Patients appreciate the ongoing interaction and accountability mHealth technology offers, Ellis says. “They want the encouragement and some level of oversight—someone saying, ‘Hey, great job! Look how much you accomplished!’” The encouragement motivates Denise, who says mHealth technology keeps her on track with her exercise routine. She likes the personal interaction, as well as working with DeAngelis to switch up her program when she wants more of a challenge. DeAngelis checks Wellpepper regularly and says mHealth technology makes her feel more connected to her patients and better able to support them.
“Especially with the explosion of aging populations, we’re going to have more and more people with these chronic diseases. So how are we going to help them maintain a high-quality life?” —Terry Ellis
Data collection wrapped up in fall 2014, and preliminary study results are positive. When 18 participants had completed the first three months of the study, those using the iPad had a higher exercise adherence rate (81 percent) than those using paper (57 percent). They spent more time performing moderate-intensity exercise, reported more confidence in their ability to exercise successfully, and rated the program 9 out of 10 for satisfaction.
Sargent is ahead of the curve in experimenting with these technologies, which are examples of telehealth, the delivery of health services through electronic communications such as email, two-way video, and smartphones. As Ellis and Latham point out, telehealth’s possibilities are expanding as technology becomes a more integral and affordable part of people’s lives, and as health care professionals seek ways to counteract higher costs of in-person care and shorter lengths of stay in hospitals or rehabilitation facilities.
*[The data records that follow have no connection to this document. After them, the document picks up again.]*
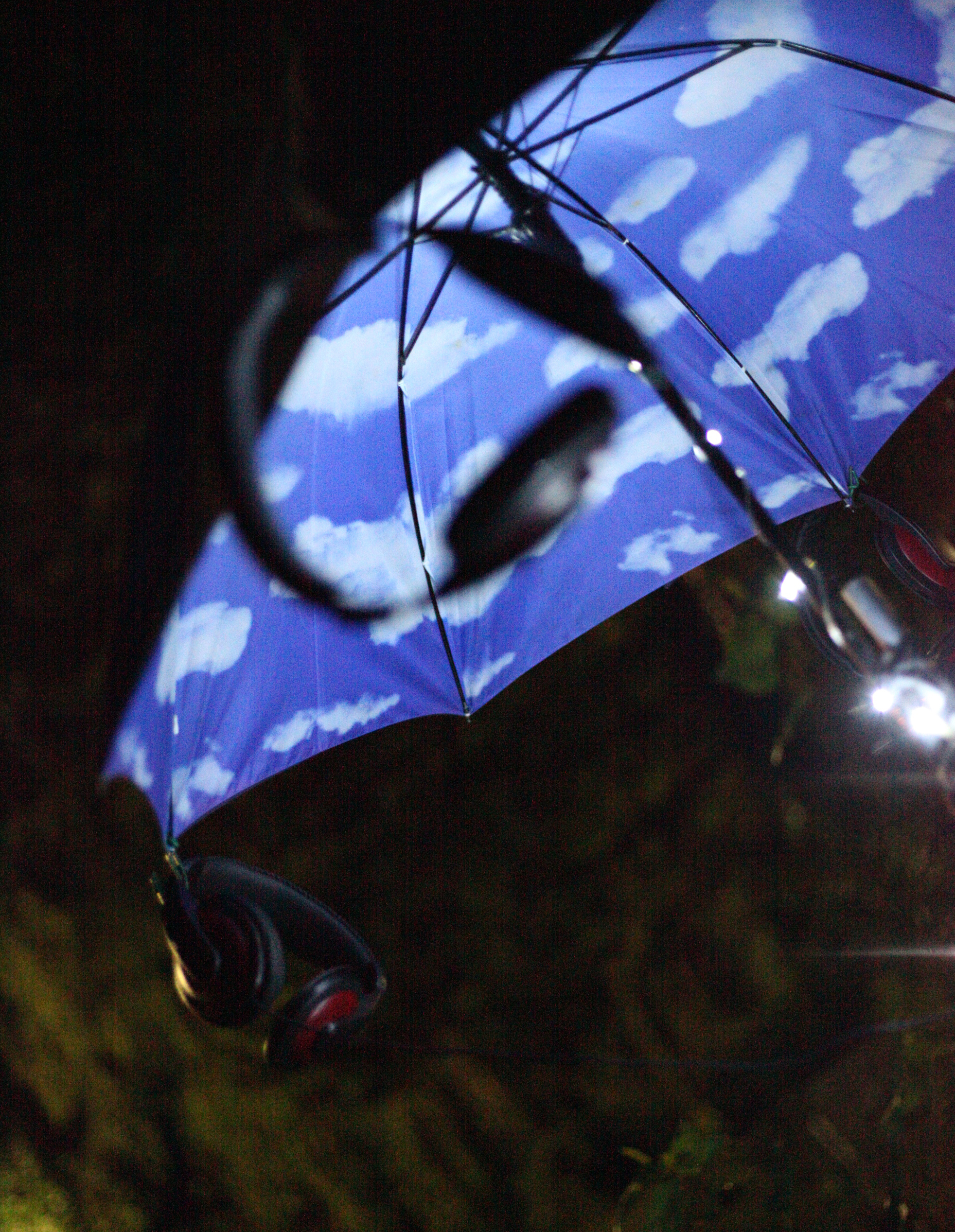 Le dispositif est composé d’un caisson mobile sur roulette poussé par une personne, relié à un vidéoprojecteur manipulé par une autre personne donnant ainsi vie à l’image et surplombé d’un parapluie auquel est suspendus des casques audios. Il permet ainsi de diffuser différents contenus dans l’espace public en déambulation.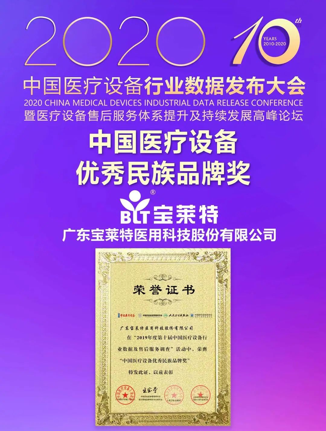 7 月 4 日,第十屆中國醫療設備行業數據發布大會暨醫療設備售后服務體系提升及持續發展高峰論壇盛大召開,寶萊特集團在本次“2019年度中國醫療設備行業數據及售后服務調查活動”中榮膺“中國醫療設備優秀民族品牌獎”,子公司武漢啟誠榮膺“中國醫療設備民族品牌突破獎”。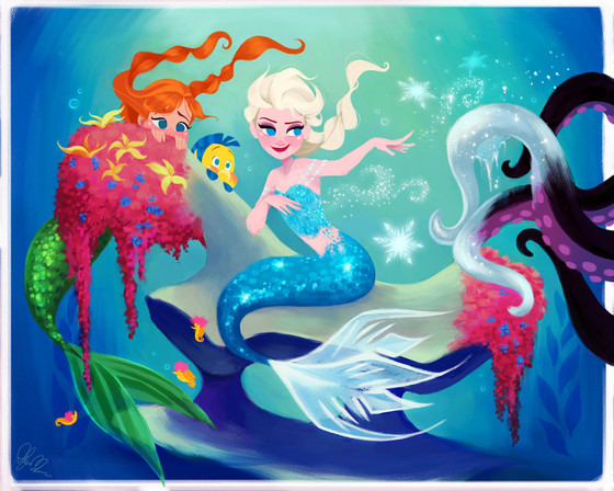 Elsa displays her amazing ice powers not only in land, but also in the deep sea to save her sister and flounder!

The Affordable Care Act, which includes provisions for telehealth, is giving the field a boost, says Karen Jacobs (SAR’79), a clinical professor of occupational therapy. Sargent has already incorporated telehealth into its occupational therapy curriculum, she says, and “is well-positioned to be a global leader in student training and faculty research” in the field. Participants in Sargent’s new Neurological Physical Therapy Residency Program, for example, are involved in observation and research for the Wellpepper project.
Telehealth poses challenging questions for the health industry: How will services be reimbursed? Will current licensing policies change to facilitate care across state and national boundaries? What steps will providers take to ensure patients’ privacy and the security of their information? But Ellis says now is the time for change. “We have to be innovative in coming up with new models of care to try to reach people. I think we can have a bigger impact than people realize.”